**The task**
Copy word for word, please, the lines of the entries below running from the one containing "Zapato. Zapato de" to the one containing "(ค่าส่งถูก + ถูกสุด)แพค", both ends included.

**Given information**
- - -

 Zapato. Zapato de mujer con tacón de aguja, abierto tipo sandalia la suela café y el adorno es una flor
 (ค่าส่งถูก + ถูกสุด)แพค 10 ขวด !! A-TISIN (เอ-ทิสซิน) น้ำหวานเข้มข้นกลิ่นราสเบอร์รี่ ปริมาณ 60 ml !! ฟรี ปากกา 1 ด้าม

- - -

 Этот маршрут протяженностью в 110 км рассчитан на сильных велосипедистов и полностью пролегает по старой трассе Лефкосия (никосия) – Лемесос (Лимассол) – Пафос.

- - -

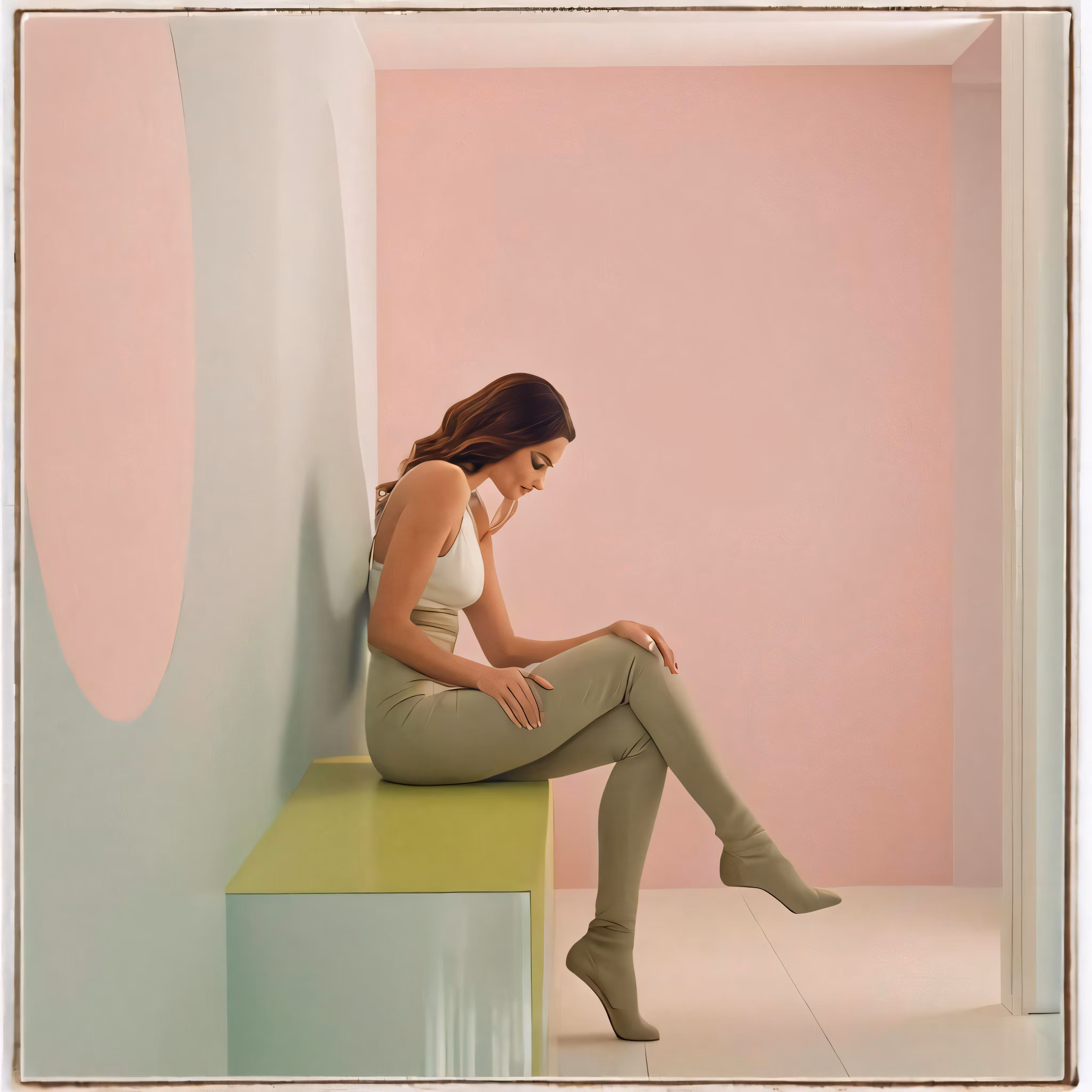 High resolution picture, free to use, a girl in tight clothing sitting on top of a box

- - -

**Solution to this problem**
 Zapato. Zapato de mujer con tacón de aguja, abierto tipo sandalia la suela café y el adorno es una flor
 (ค่าส่งถูก + ถูกสุด)แพค 10 ขวด !! A-TISIN (เอ-ทิสซิน) น้ำหวานเข้มข้นกลิ่นราสเบอร์รี่ ปริมาณ 60 ml !! ฟรี ปากกา 1 ด้าม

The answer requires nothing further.